# Youngstown,OH WGSD M Pup #787



## LuvourGSDs (Jan 14, 2007)

Petfinder Adoptable Dog | White German Shepherd | Youngstown, OH | 787

This wonderful dog came in on:
SEPTEMBER 27
This dog is available for adoption/euthanasia on: 
OCTOBER 1
This dog came in as a stray and there is no background information.
If interested please contact by phone @ 330-740-2205 EXT 2 to adopt this precious dog. 
IT IS BEST TO CALL BEFORE ADOPTION / EUTHANASIA DATE TO BE PUT ON ADOPTION LIST FOR THIS DOG. 

PLEASE HELP US SAVE THIS DOG!!!


*787's Contact Info*

*Mahoning County Dog Pound*, Youngstown, OH 

Phone: Please use email
Email Mahoning County Dog Pound
See more pets from Mahoning County Dog Pound
For more information, visit Mahoning County Dog Pound's Web site.


----------



## vat (Jul 23, 2010)

Holy crap that is tomorrow!!!! He is just a baby, I hope someone hurry's!


----------



## Jax08 (Feb 13, 2009)

Does Echo know he's there?


----------



## JakodaCD OA (May 14, 2000)

oh my god, he is the cutest !!!


----------



## alane (May 14, 2008)

Was told he/she was adopted.

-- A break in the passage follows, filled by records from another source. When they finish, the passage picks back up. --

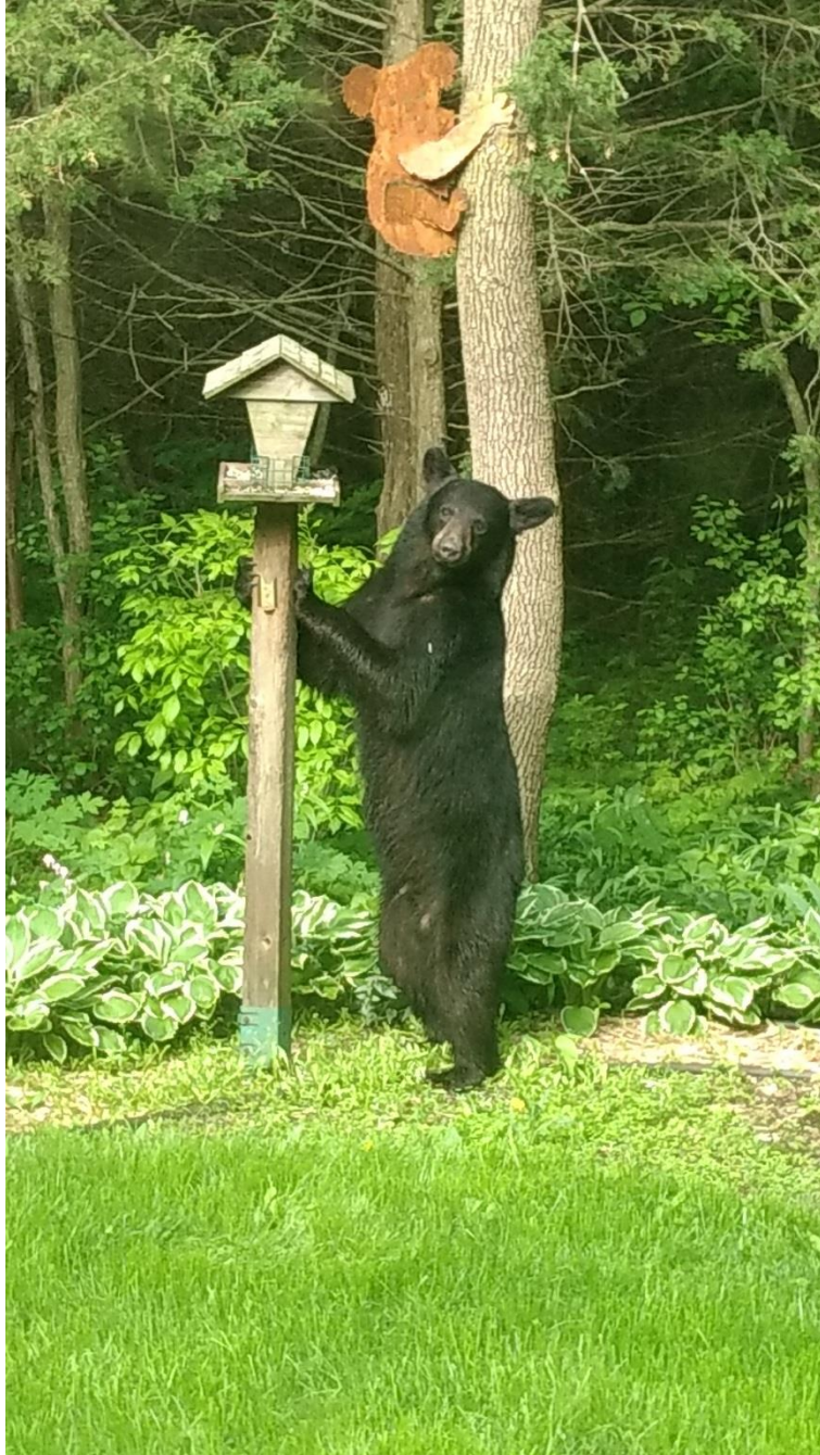
Bears in the Backyard, May 2017, Juniper Ridge Drive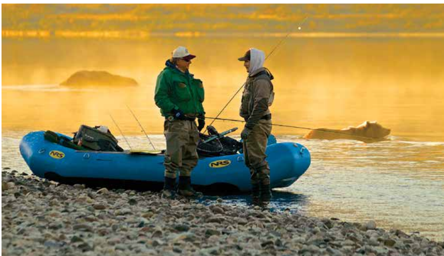
▼ Avid fly anglers will come to realize that Alaska really is heaven on earth.

if you aren't dressed right. Before purchasing a bunch of gear be sure to contact your lodge, because most have waders and boots for rent. You'll also want a backpack to carry extra clothes, equipment and most definitely don't forget your camera. Alaska is one of the most amazing places left on earth, and each trip will create lasting memories you will cherish for years to come. FSF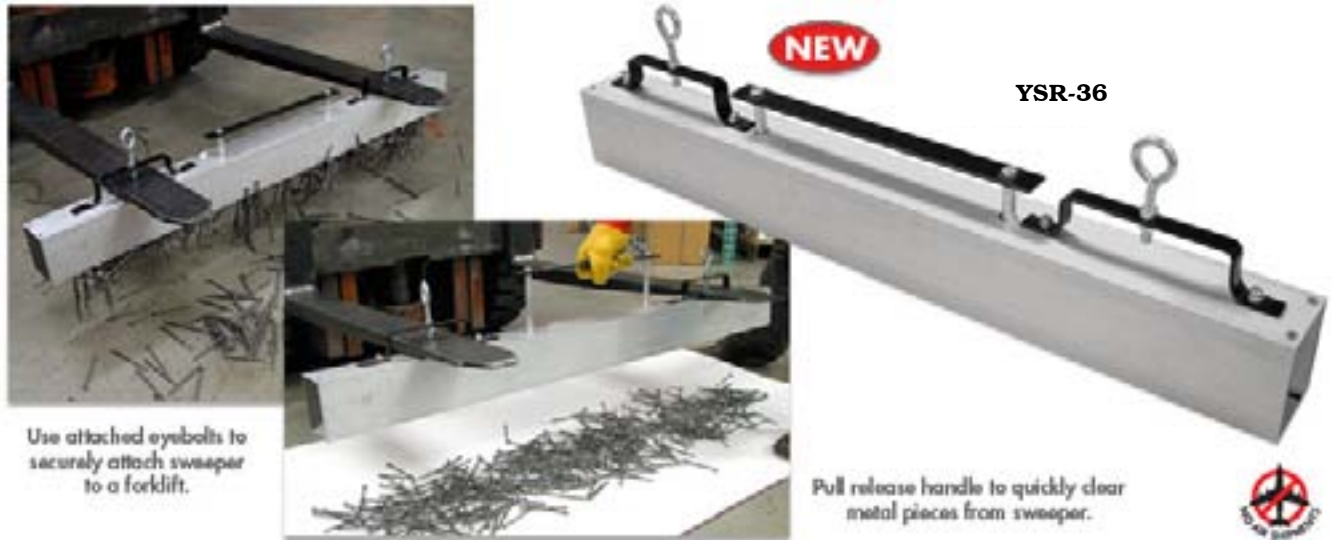
Use attached eyebolts to securely attach sweeper to a forklift.

Use these sweepers to clear factory and warehouse aisles and driveways. All models are 4" high by 3" deep - Eyebolts included. To unload, push the sweeper to the desired dumping area (i.e. a piece of cardboard) and pull the release handle. As the magnet rises, collected material is released from the collector plate.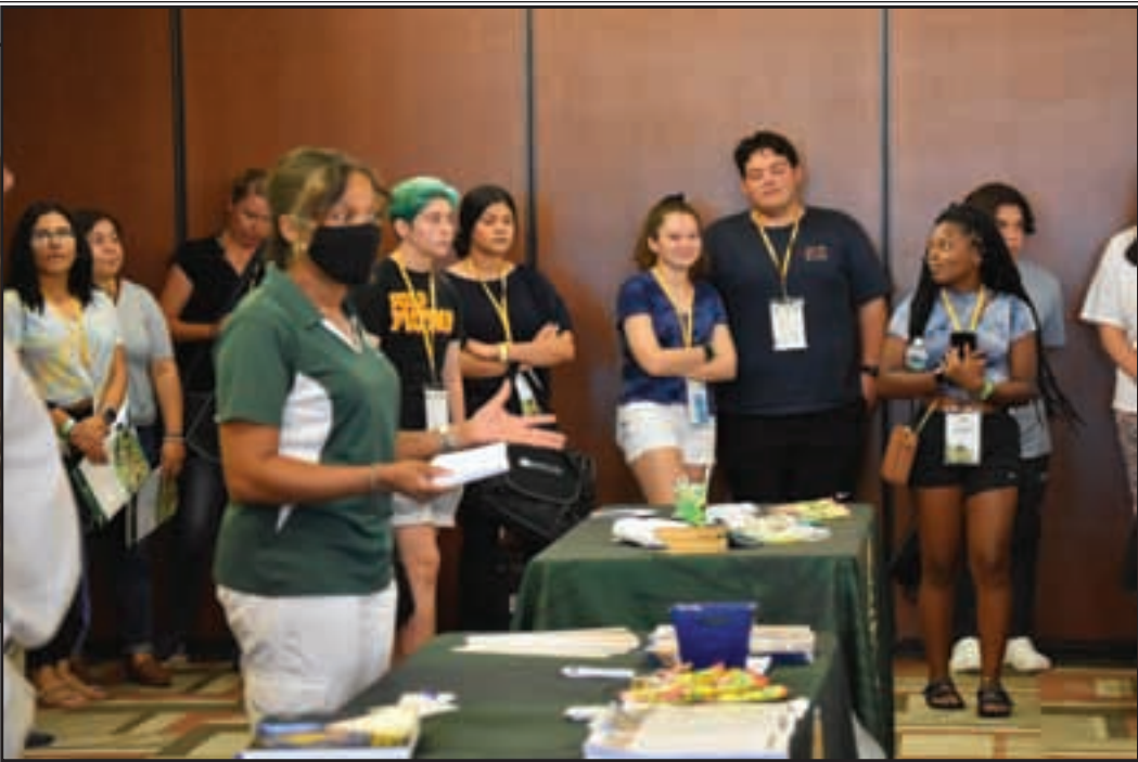
Above: As was the case in numerous classrooms, incoming students gathered around to listen to professors. Right: Students walk across campus during Saturday's tour.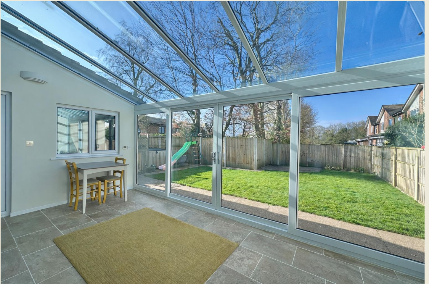
GARDEN ROOM 9'10 x 16'9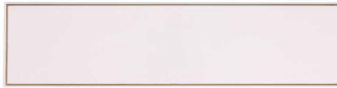
Blush - 4x16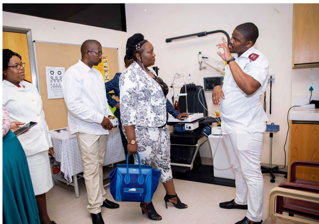
continued on page 11 >>>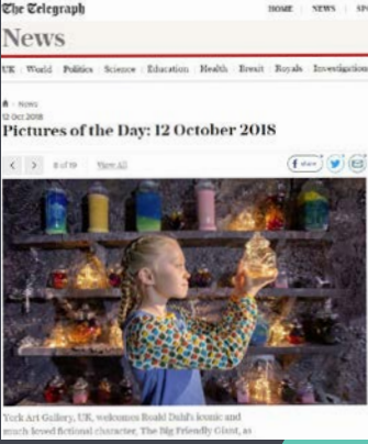
The Telegraph Online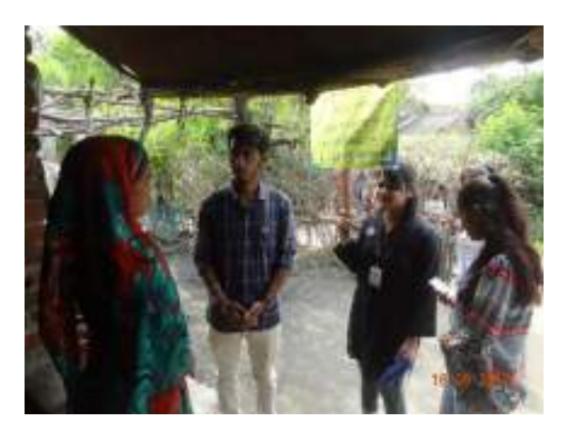
Survey on Open defecation

At Adopted village Gram Dhakni, NSS unit had conducted door to door visit to aware villagers regarding the harmful effects of open defecation on human health. NSS volunteers had given their message by performing "Path Natya" and create awareness among villagers. About 74 students had actively participated in this activity.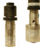
7970 Pressure Pilots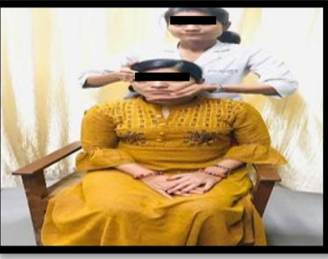
Figure:7 isometric exercise for neck Rotators

5.Scapular retraction:5 sets of 10 repetition.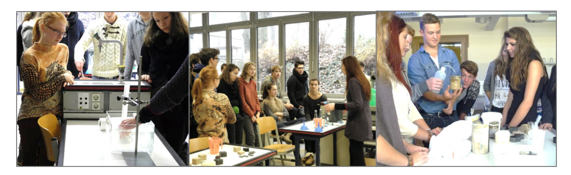
Fig. 5. GFZ staff teaches pupils about CO2 storage and the research at the Ketzin pilot site

The public relations work has been expanded in 2012 by GFZ visiting schools and discussing with teachers and pupils on motivations, activities and results of the Ketzin project (Fig. 5). In order to appropriately present the project we use short films about the pilot site (see also chapter 3.5) besides a presentation which is adapted to the young listeners. With hands-on experiments the pupils can also experience different rock materials and their properties (reservoir and cap rock) and learn more about the gas carbon dioxide itself and the processes taking place in the underground during the storage.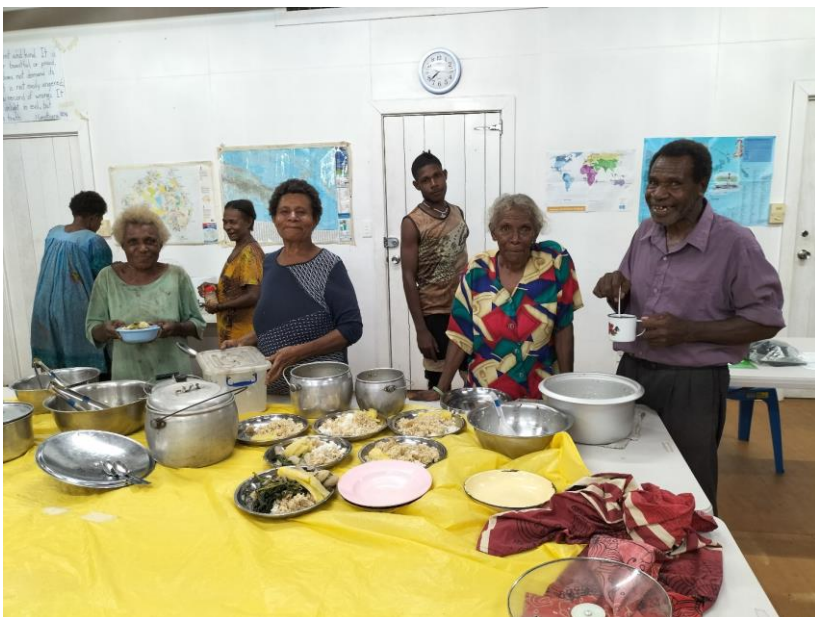
Sharing a farewell meal with the Kope translation team.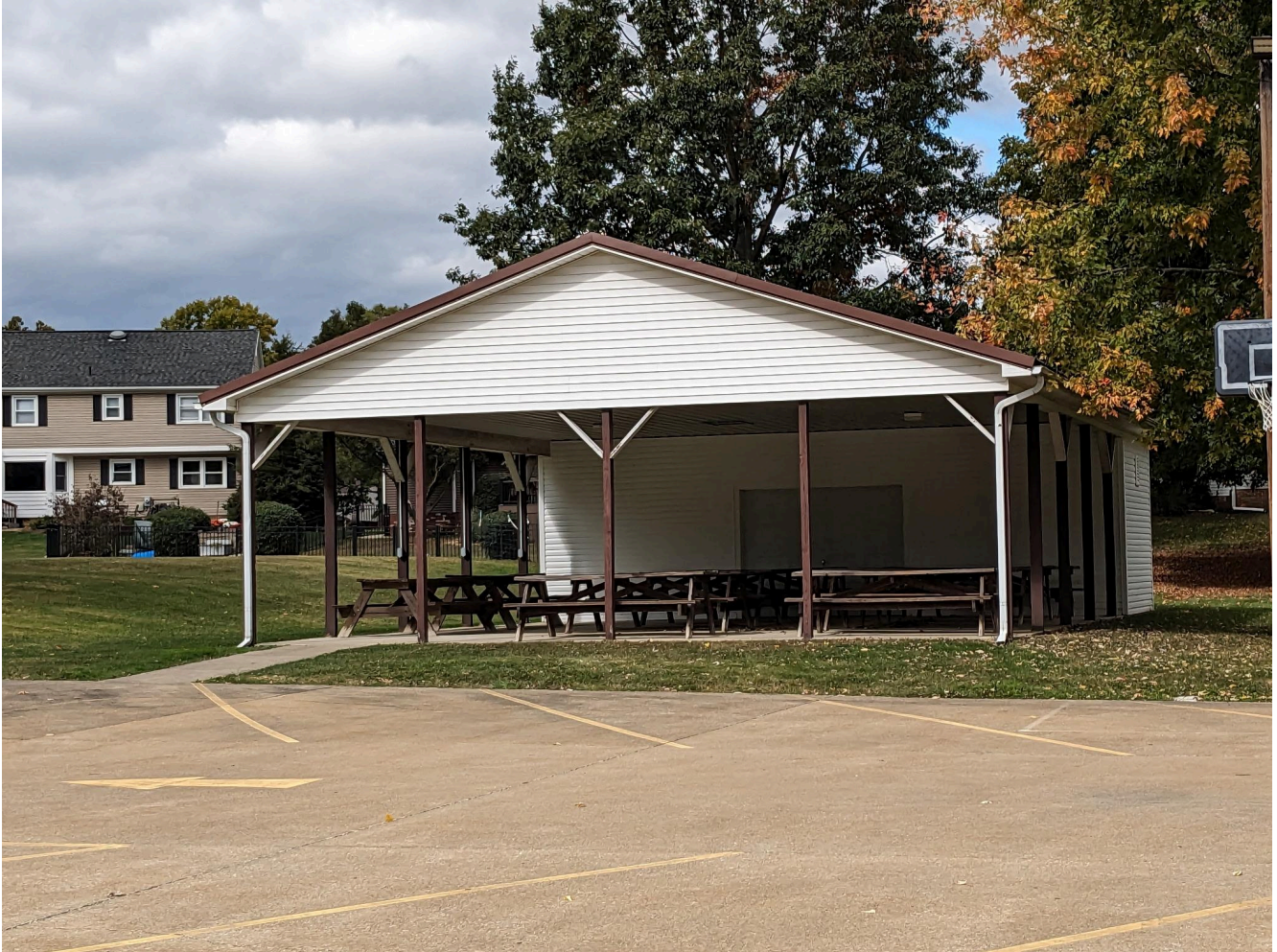
~ The Picnic Shelter ~

I will can and confim


----------



## carolinem (Dec 4, 2008)

I just got off the phone with shelter, pup was adopted last night


----------



## chicagojosh (Jun 22, 2010)

yay!!!!! what a cute puppy. clearly too young to die


----------



## Blanca's Momma (Sep 8, 2010)

Thank Goodness!! Brought back memories of my girl as a pup.


----------